So that when you visit your high school in January to talk about extra-curriculars at Wesleyan, all the awesome kids will apply here and the rest will run off to Princeton. Or something.
“People of all genders and comfort levels welcome!”
Emily House ’09 writes:
Yes, sad but true: this THURSDAY (Dec 6th), we’ll be holding the LAST MOANING WORKSHOP OF THE YEAR. Don’t cry, don’t beat your breast and tear your hair, but please do come!
We’ll be meeting at 8 p.m. in Woodhead Lounge (ground floor of Exley, right next to the glass hallway connecting with Shanklin), so come with a blindfold of some kind (if you don’t have one, one will be provided), a healthy set of lungs, and, as ever, a sense of fun. It’s time to MOOOAAAANNNN!

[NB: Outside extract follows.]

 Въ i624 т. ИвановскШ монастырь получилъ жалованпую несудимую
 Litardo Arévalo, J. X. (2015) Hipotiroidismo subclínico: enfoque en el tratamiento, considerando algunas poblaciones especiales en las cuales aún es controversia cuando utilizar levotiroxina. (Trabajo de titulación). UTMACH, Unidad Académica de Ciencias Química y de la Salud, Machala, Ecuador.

For those of us who have not yet attended a moaning workshop, here are some things to be aware of:
- This is not a how-to-do-it-right tutorial. At all. The point of the workshop is to create a safe space where we can talk about moaning and play with all types of vocalization without being afraid of others’ judgments.
- This is very much an individual experience. Contrary to what people have assumed, we do not sit in a giant circle, watching each other vocalize. Interesting idea, but incorrect. The setup of the workshop allows for a very personal yet simultaneous collective space, given the use of blindfolds and group noise.
The workshop goes something like this: after establishing workshop expectations, we’ll be talking about the politics of moaning, followed by doing a series of ‘get in your voice, get in your body’ warm-ups. Then we’ll find individual spots in the room and go through vocalization/moaning exercises, and will conclude this extravaganza with a debrief.
Who: You (and because this is so much better the more people we have, be shameless and INVITE OTHERS)
What: Intro Moaning Workshop!
When: Thurs (12/6), 8:00-9:30 pm
Why: Because things like this are what brought you to Wes.